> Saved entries
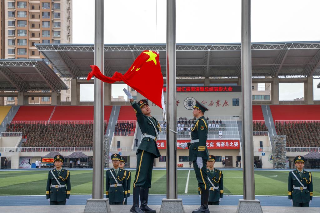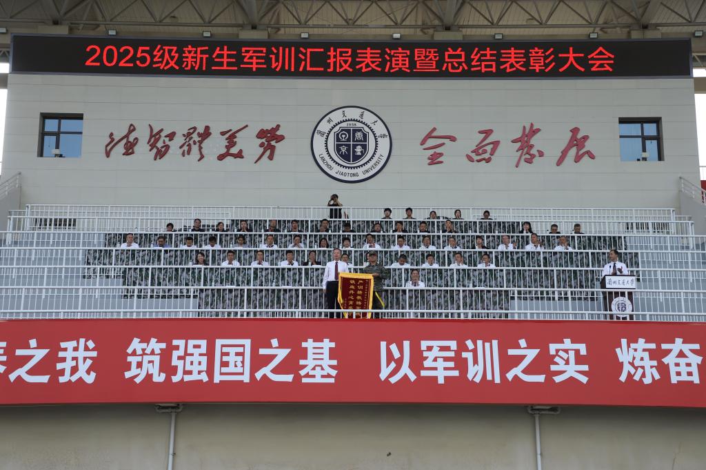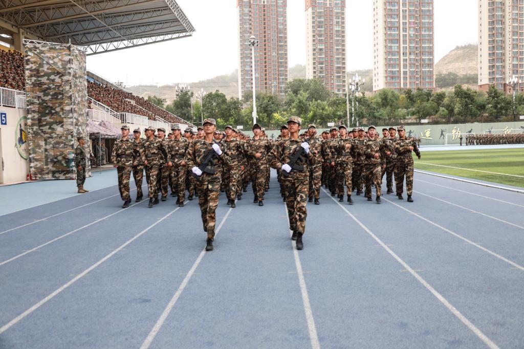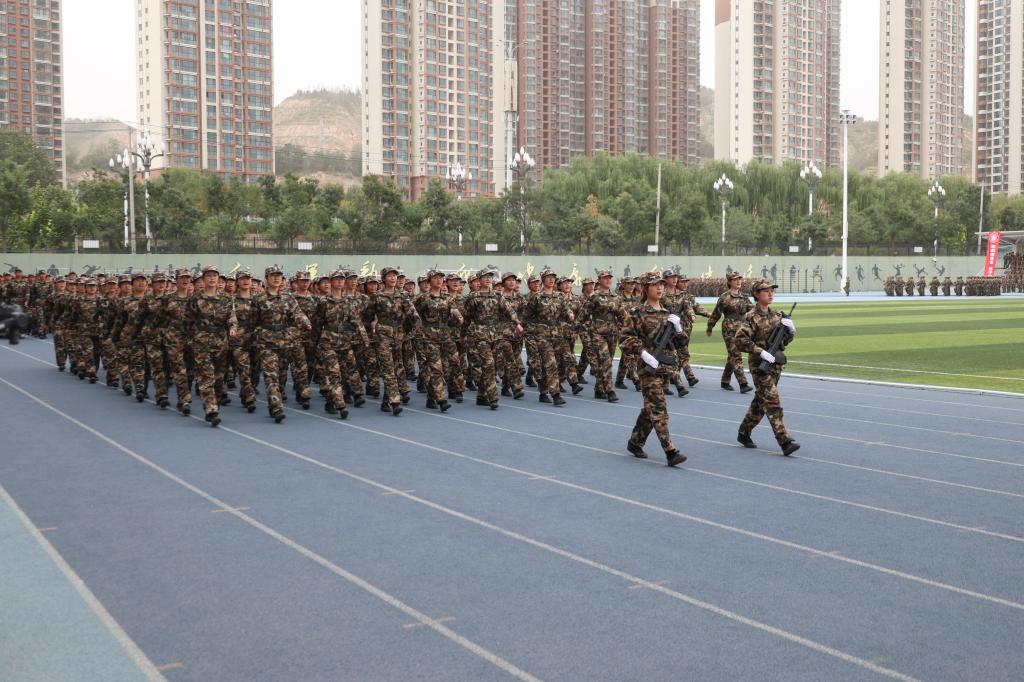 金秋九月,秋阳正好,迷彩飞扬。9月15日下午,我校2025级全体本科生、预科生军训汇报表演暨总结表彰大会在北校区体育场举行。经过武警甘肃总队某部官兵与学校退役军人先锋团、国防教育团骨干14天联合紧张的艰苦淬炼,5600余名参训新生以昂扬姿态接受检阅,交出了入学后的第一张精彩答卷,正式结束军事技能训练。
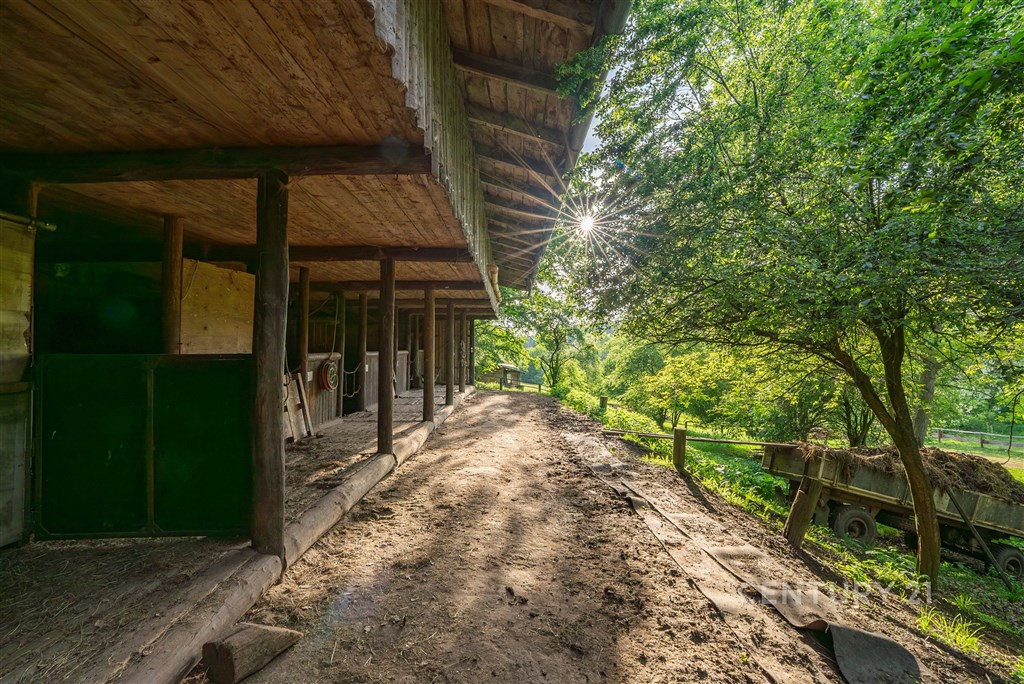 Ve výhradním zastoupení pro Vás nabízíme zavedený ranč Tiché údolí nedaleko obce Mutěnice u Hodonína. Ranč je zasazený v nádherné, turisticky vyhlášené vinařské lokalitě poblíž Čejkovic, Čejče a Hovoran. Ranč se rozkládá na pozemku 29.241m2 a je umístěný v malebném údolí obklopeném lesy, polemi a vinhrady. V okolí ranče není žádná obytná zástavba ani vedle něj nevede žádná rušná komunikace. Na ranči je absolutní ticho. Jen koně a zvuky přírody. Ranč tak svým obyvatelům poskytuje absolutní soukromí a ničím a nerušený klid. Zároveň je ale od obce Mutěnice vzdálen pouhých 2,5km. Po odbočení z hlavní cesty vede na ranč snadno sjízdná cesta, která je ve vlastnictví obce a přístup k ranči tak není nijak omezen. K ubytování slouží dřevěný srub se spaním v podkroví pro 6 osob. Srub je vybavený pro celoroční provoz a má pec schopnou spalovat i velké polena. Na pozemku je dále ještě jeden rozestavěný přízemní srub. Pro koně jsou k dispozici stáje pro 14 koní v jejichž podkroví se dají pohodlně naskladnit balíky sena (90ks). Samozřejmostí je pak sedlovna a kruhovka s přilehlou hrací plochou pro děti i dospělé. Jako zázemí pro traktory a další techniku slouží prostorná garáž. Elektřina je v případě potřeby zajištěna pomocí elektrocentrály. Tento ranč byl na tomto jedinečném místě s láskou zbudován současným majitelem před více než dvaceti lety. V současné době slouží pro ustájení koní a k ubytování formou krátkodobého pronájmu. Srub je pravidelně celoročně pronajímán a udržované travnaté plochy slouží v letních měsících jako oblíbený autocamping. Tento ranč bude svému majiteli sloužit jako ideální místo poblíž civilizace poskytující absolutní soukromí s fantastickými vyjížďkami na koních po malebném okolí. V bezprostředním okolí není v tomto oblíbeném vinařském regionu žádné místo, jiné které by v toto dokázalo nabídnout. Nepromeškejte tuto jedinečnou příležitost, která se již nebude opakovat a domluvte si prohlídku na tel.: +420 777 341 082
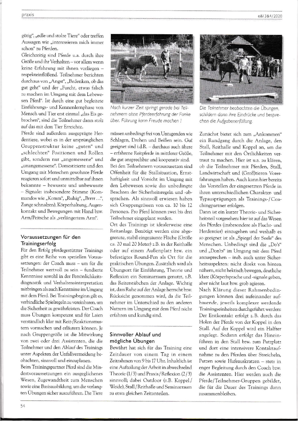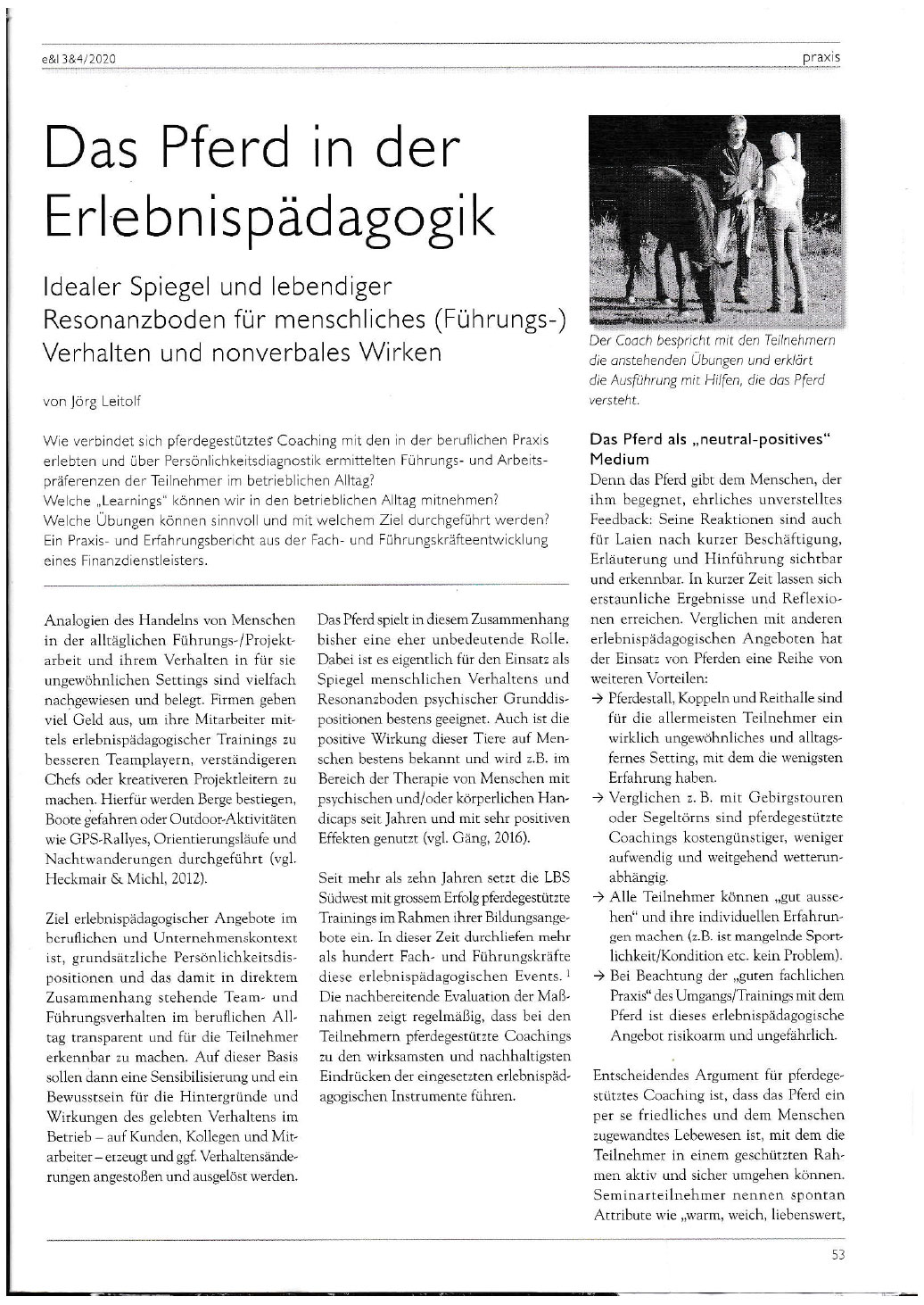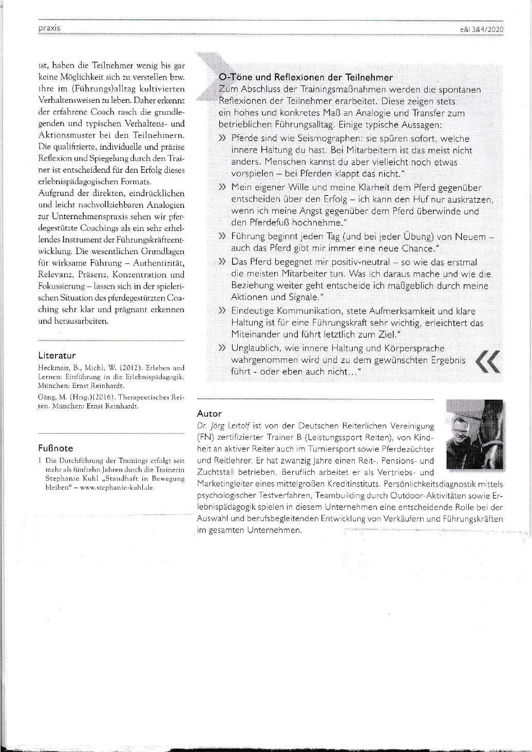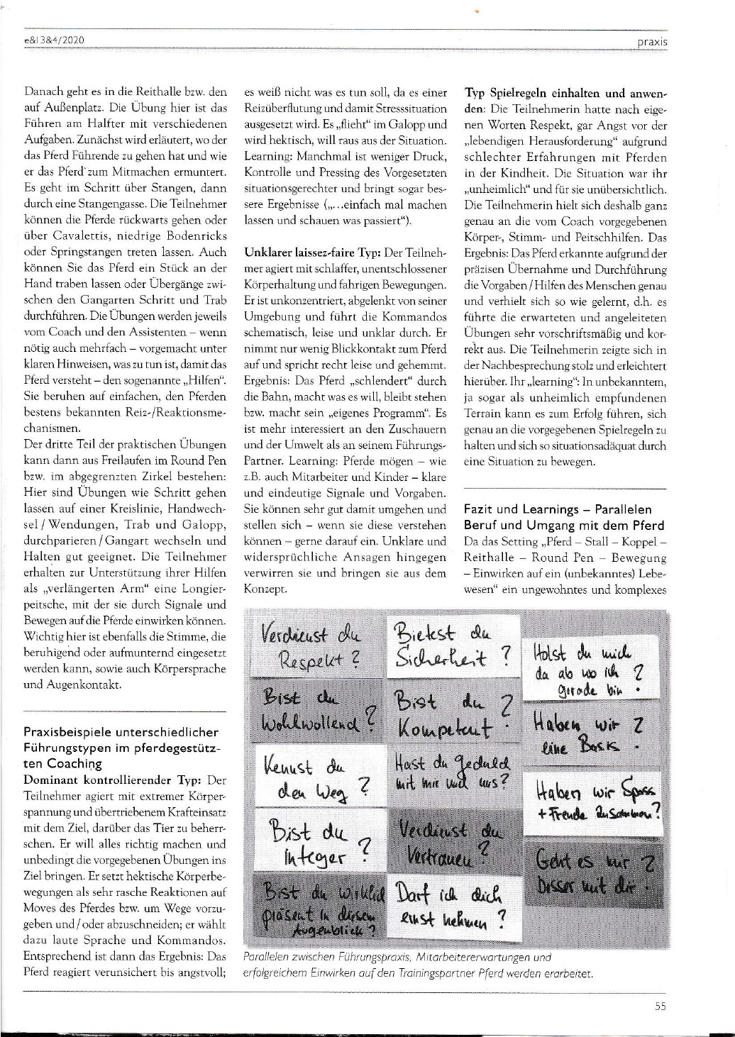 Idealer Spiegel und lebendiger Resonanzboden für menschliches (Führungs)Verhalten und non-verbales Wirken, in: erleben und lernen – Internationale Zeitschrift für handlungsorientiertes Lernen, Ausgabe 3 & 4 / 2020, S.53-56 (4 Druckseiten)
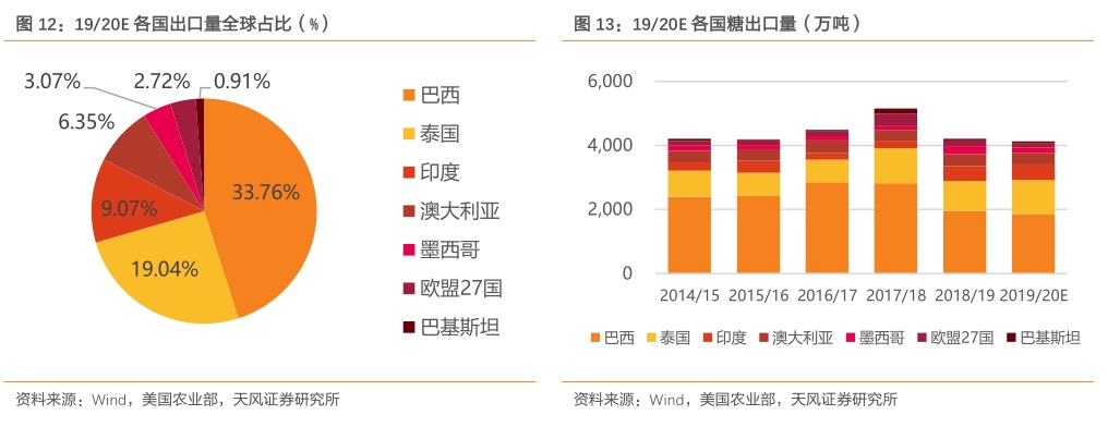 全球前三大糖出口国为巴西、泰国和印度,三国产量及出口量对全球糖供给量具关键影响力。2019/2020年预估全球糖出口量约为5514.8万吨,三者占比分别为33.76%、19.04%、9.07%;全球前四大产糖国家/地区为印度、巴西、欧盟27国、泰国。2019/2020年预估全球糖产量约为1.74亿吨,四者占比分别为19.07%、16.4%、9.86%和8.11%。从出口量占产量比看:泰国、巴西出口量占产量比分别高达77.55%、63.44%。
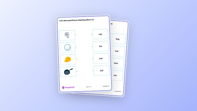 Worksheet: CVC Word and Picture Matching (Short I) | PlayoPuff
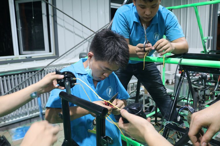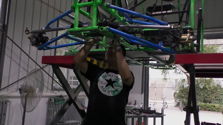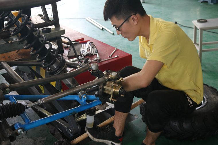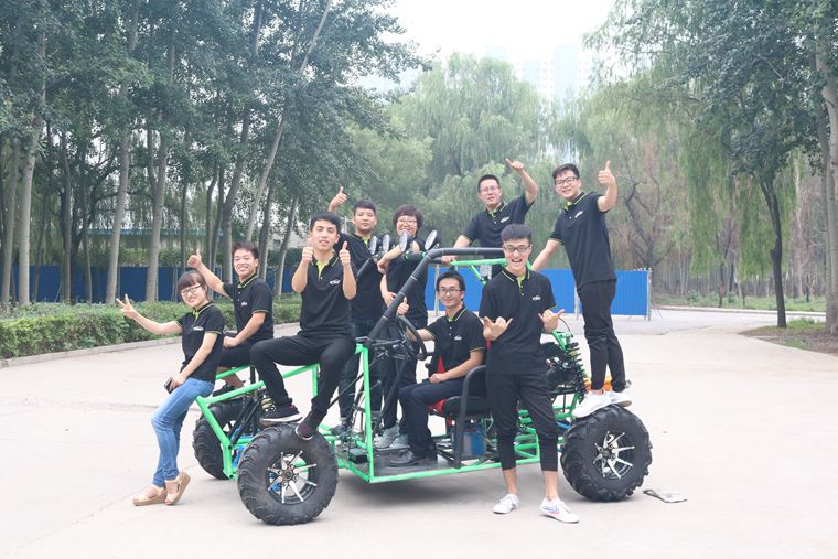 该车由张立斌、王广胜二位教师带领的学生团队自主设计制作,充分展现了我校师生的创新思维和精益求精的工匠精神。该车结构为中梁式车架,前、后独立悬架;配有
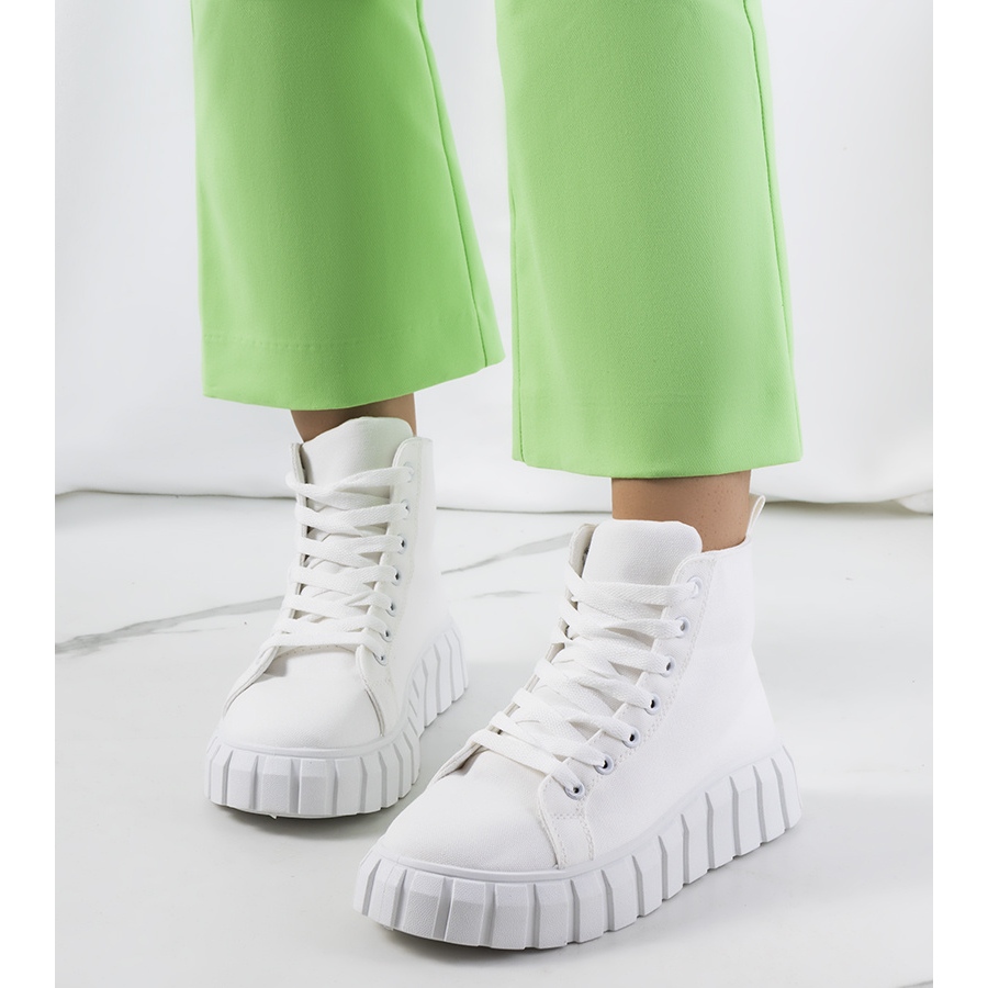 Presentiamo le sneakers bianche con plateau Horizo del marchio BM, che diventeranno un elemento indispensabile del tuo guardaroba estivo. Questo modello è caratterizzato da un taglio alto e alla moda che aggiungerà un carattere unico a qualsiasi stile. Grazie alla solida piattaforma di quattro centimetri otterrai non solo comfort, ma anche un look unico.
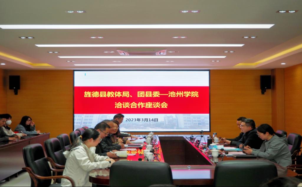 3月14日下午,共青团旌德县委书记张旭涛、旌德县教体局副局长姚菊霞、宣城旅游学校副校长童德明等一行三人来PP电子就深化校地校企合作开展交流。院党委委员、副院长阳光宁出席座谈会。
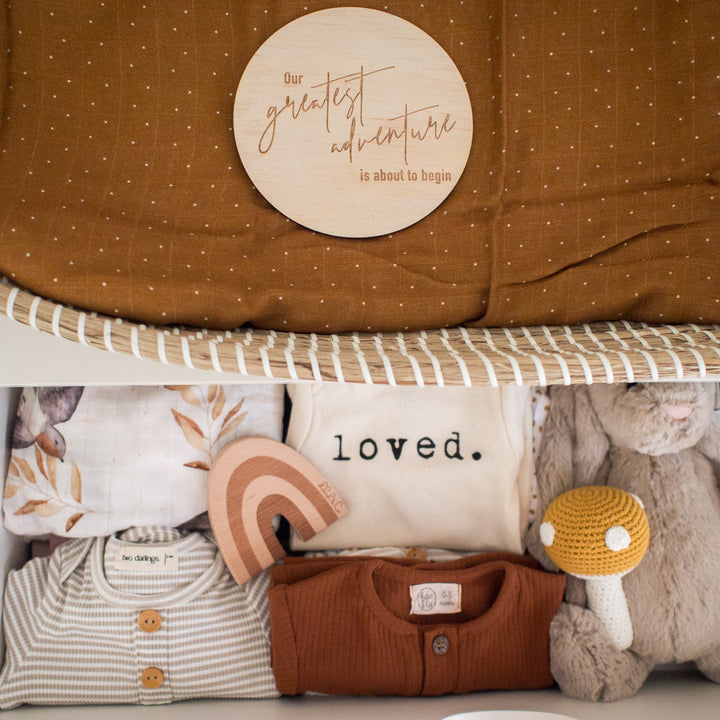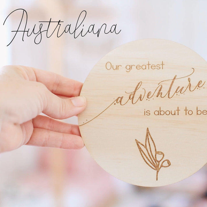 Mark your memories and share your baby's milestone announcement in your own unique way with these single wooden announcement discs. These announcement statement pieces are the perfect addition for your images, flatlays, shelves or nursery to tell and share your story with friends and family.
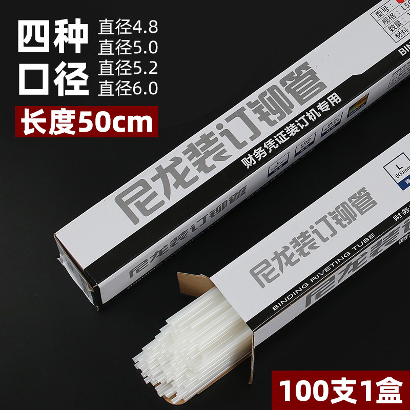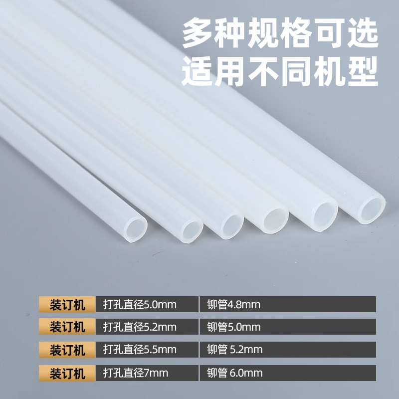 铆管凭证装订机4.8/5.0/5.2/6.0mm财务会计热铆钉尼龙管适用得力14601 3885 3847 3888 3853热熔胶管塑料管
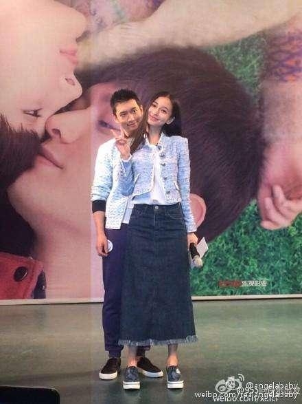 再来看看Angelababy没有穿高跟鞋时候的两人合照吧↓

> DIRECTIONS FOR THIS TASK
Would you output the data exactly, without any of its images?

> OUTPUT BELOW
 金秋九月,秋阳正好,迷彩飞扬。9月15日下午,我校2025级全体本科生、预科生军训汇报表演暨总结表彰大会在北校区体育场举行。经过武警甘肃总队某部官兵与学校退役军人先锋团、国防教育团骨干14天联合紧张的艰苦淬炼,5600余名参训新生以昂扬姿态接受检阅,交出了入学后的第一张精彩答卷,正式结束军事技能训练。
 Ve výhradním zastoupení pro Vás nabízíme zavedený ranč Tiché údolí nedaleko obce Mutěnice u Hodonína. Ranč je zasazený v nádherné, turisticky vyhlášené vinařské lokalitě poblíž Čejkovic, Čejče a Hovoran. Ranč se rozkládá na pozemku 29.241m2 a je umístěný v malebném údolí obklopeném lesy, polemi a vinhrady. V okolí ranče není žádná obytná zástavba ani vedle něj nevede žádná rušná komunikace. Na ranči je absolutní ticho. Jen koně a zvuky přírody. Ranč tak svým obyvatelům poskytuje absolutní soukromí a ničím a nerušený klid. Zároveň je ale od obce Mutěnice vzdálen pouhých 2,5km. Po odbočení z hlavní cesty vede na ranč snadno sjízdná cesta, která je ve vlastnictví obce a přístup k ranči tak není nijak omezen. K ubytování slouží dřevěný srub se spaním v podkroví pro 6 osob. Srub je vybavený pro celoroční provoz a má pec schopnou spalovat i velké polena. Na pozemku je dále ještě jeden rozestavěný přízemní srub. Pro koně jsou k dispozici stáje pro 14 koní v jejichž podkroví se dají pohodlně naskladnit balíky sena (90ks). Samozřejmostí je pak sedlovna a kruhovka s přilehlou hrací plochou pro děti i dospělé. Jako zázemí pro traktory a další techniku slouží prostorná garáž. Elektřina je v případě potřeby zajištěna pomocí elektrocentrály. Tento ranč byl na tomto jedinečném místě s láskou zbudován současným majitelem před více než dvaceti lety. V současné době slouží pro ustájení koní a k ubytování formou krátkodobého pronájmu. Srub je pravidelně celoročně pronajímán a udržované travnaté plochy slouží v letních měsících jako oblíbený autocamping. Tento ranč bude svému majiteli sloužit jako ideální místo poblíž civilizace poskytující absolutní soukromí s fantastickými vyjížďkami na koních po malebném okolí. V bezprostředním okolí není v tomto oblíbeném vinařském regionu žádné místo, jiné které by v toto dokázalo nabídnout. Nepromeškejte tuto jedinečnou příležitost, která se již nebude opakovat a domluvte si prohlídku na tel.: +420 777 341 082
 Idealer Spiegel und lebendiger Resonanzboden für menschliches (Führungs)Verhalten und non-verbales Wirken, in: erleben und lernen – Internationale Zeitschrift für handlungsorientiertes Lernen, Ausgabe 3 & 4 / 2020, S.53-56 (4 Druckseiten)
 全球前三大糖出口国为巴西、泰国和印度,三国产量及出口量对全球糖供给量具关键影响力。2019/2020年预估全球糖出口量约为5514.8万吨,三者占比分别为33.76%、19.04%、9.07%;全球前四大产糖国家/地区为印度、巴西、欧盟27国、泰国。2019/2020年预估全球糖产量约为1.74亿吨,四者占比分别为19.07%、16.4%、9.86%和8.11%。从出口量占产量比看:泰国、巴西出口量占产量比分别高达77.55%、63.44%。
 Worksheet: CVC Word and Picture Matching (Short I) | PlayoPuff
 该车由张立斌、王广胜二位教师带领的学生团队自主设计制作,充分展现了我校师生的创新思维和精益求精的工匠精神。该车结构为中梁式车架,前、后独立悬架;配有
 Presentiamo le sneakers bianche con plateau Horizo del marchio BM, che diventeranno un elemento indispensabile del tuo guardaroba estivo. Questo modello è caratterizzato da un taglio alto e alla moda che aggiungerà un carattere unico a qualsiasi stile. Grazie alla solida piattaforma di quattro centimetri otterrai non solo comfort, ma anche un look unico.
 3月14日下午,共青团旌德县委书记张旭涛、旌德县教体局副局长姚菊霞、宣城旅游学校副校长童德明等一行三人来PP电子就深化校地校企合作开展交流。院党委委员、副院长阳光宁出席座谈会。
 Mark your memories and share your baby's milestone announcement in your own unique way with these single wooden announcement discs. These announcement statement pieces are the perfect addition for your images, flatlays, shelves or nursery to tell and share your story with friends and family.
 铆管凭证装订机4.8/5.0/5.2/6.0mm财务会计热铆钉尼龙管适用得力14601 3885 3847 3888 3853热熔胶管塑料管
 再来看看Angelababy没有穿高跟鞋时候的两人合照吧↓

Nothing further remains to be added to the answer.